Приоткрыв глаза, юноша взглянул вверх и с тревогой заметил, что у сицилийца в одной руке кинжал, а в другой — небольшой кошель.
— Нашел это среди твоих жалких пожитков. Значит, украл у хозяина деньги и оружие? — громогласно продолжал Агесандр. — Вероятно, чтобы нам всем среди ночи глотки перерезать, а потом сбежать, чтобы присоединиться к твоим негодяям-соплеменникам в войне против Рима?
— Никогда в жизни эти вещи не видел! — вскричал Ганнон и тут же вспомнил, как видел Агесандра прячущимся в атриуме. Так вот что он там делал!
— Ты ублюдок, — пробормотал юноша, пытаясь сесть, и тут же получил удар ногой в лицо. Он упал навзничь на тюфяк, едва сдерживаясь, чтобы не заорать от боли.
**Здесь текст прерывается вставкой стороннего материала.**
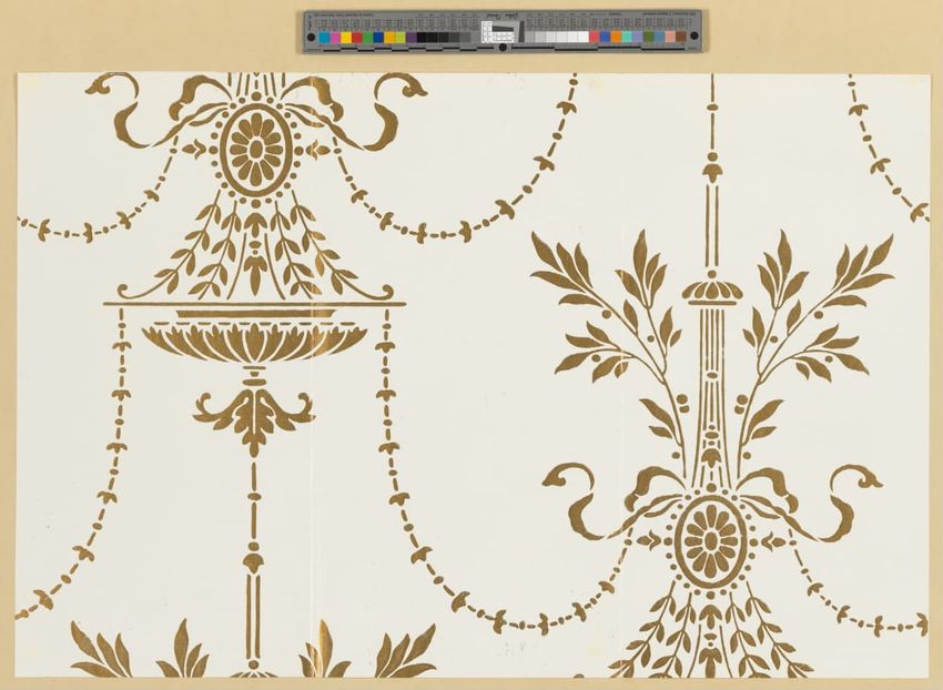 Sample. Wallpaper border printed with stylized Greek revival motifs.Printed in gray, white orange, brown, green, crimson and metallic gold on a crimson ground. Mounted on cardboard on top of two earlier papers.

Рот наполнился кровью, и спустя мгновение на его ладони оказались два выбитых зуба.
Агесандр кровожадно расхохотался.
— В кандалы его, — приказал он. — И шею тоже, не только ноги с руками.
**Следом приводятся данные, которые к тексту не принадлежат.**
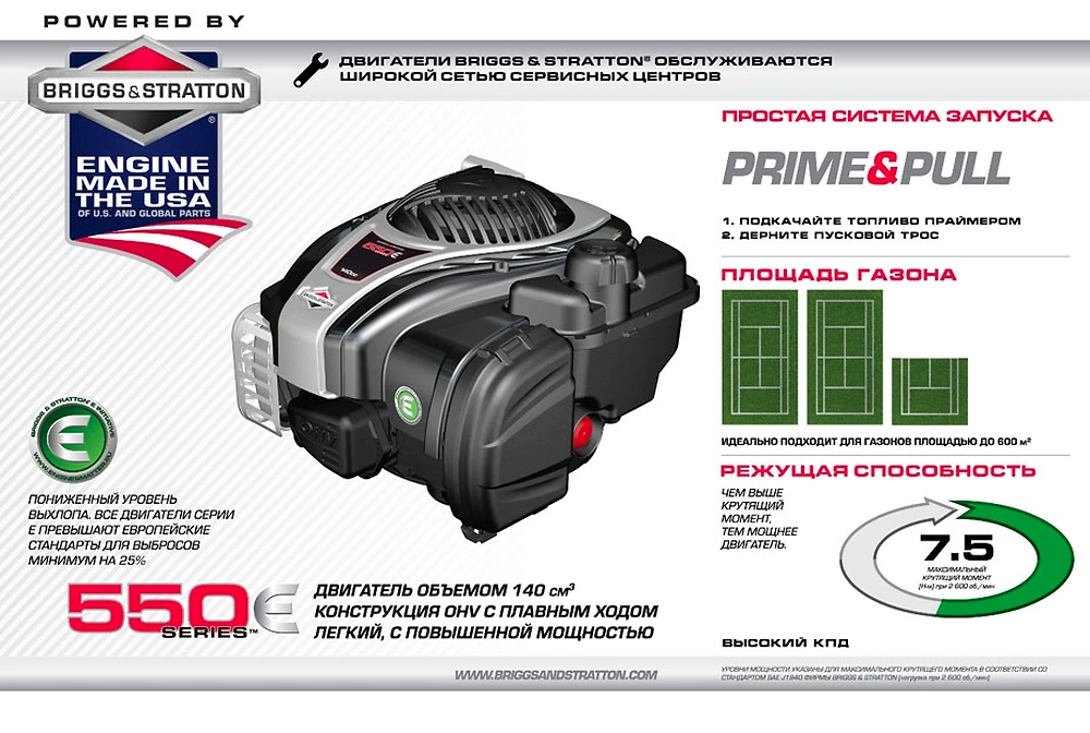 Газонокосилка оснащается четырехтактным одноцилиндровым бензиновым двигателем 550E SERIES, имеющим объем 140 см3 и развивающим мощность 3 л.с. при 2900 об/мин. Его особенность - это уникальная конструкция рабочей камеры, обеспечивающей более полное сгорание топливовоздушной смеси. Поэтому он не только производится меньше вредных выбросов в атмосферу, но также имеет сниженный расход топлива, благодаря чему можно обрабатывать участки площадью до 1400 м2 на одной заправке бака.

Едва не теряя сознание, Ганнон глядел, как рабы подошли и застегнули толстые железные кольца на его теле. Три громких щелчка, и он оказался в том же положении, что и на рынке рабов. От кольца на шее тянулась длинная цепь. Грубым рывком Ганнона подняли на ноги и потащили к двери.
— Стоять!
Все обернулись.
В дверях своей комнаты стояла Аврелия в ночной рубашке.
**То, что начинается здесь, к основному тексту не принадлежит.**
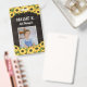 Crachá de identificação vertical de girassol personalizado com foto, nome e título com girassóis contra crachá de identificação de grãos de madeira impressa no jardim de infância com tema de girassol. O terapeuta de arte crachá com um olhar de girassol rústico com sua foto contra grãos de madeira escura e girassóis amarelos brilhantes.
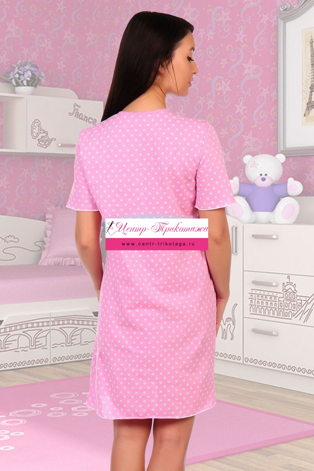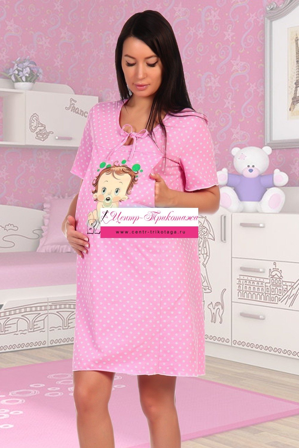 Ночная сорочка для кормящих мам. Ткань кулирка, по фону набивка-звездочки. Полочка с принтом.
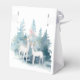 Romantic wilderness themed wedding favour box with beautiful watercolor artwork of lovely winter pine cones and flowers, on the front and a winter scene with white deer, on the back all done in soft pastel colours. Personalise the text to suit your wedding needs. Matching products are available.

— И что ты собрался делать, скажи-ка? — выкрикнула она. — Ганнон домовый раб, а не с фермы, чтобы ты с ним делал что пожелаешь!
Сицилиец поклонился, изящно, но не скрывая издевки.
— Прости меня, госпожа, что так рано разбудил тебя. Услышав новости, пришедшие с посланием твоего отца, я забеспокоился, посчитав, что этот раб может тоже их услышать и сделать что-нибудь плохое. Беспокоился, что он причинит вред тебе и твоей семье, прежде чем сбежать. К сожалению, я оказался прав. — Он показал руки, которыми сжимал улики. — Вот это ему точно не принадлежит.
Аврелия в ужасе поглядела на Ганнона и вздрогнула, увидев, что его лицо залито кровью.
— Кто-то подбросил это в мои вещи, — тихо прошептал юноша, с ненавистью глянув на Агесандра.
Окончательно поняв, что происходит, Аврелия ринулась вперед.
— Ты слышал?
Сицилиец кашлянул.
— Конечно, он так и скажет, правда? Но все гугги — лжецы. — Он дернул головой в сторону двух громил. — Пошли. У нас путь неблизкий.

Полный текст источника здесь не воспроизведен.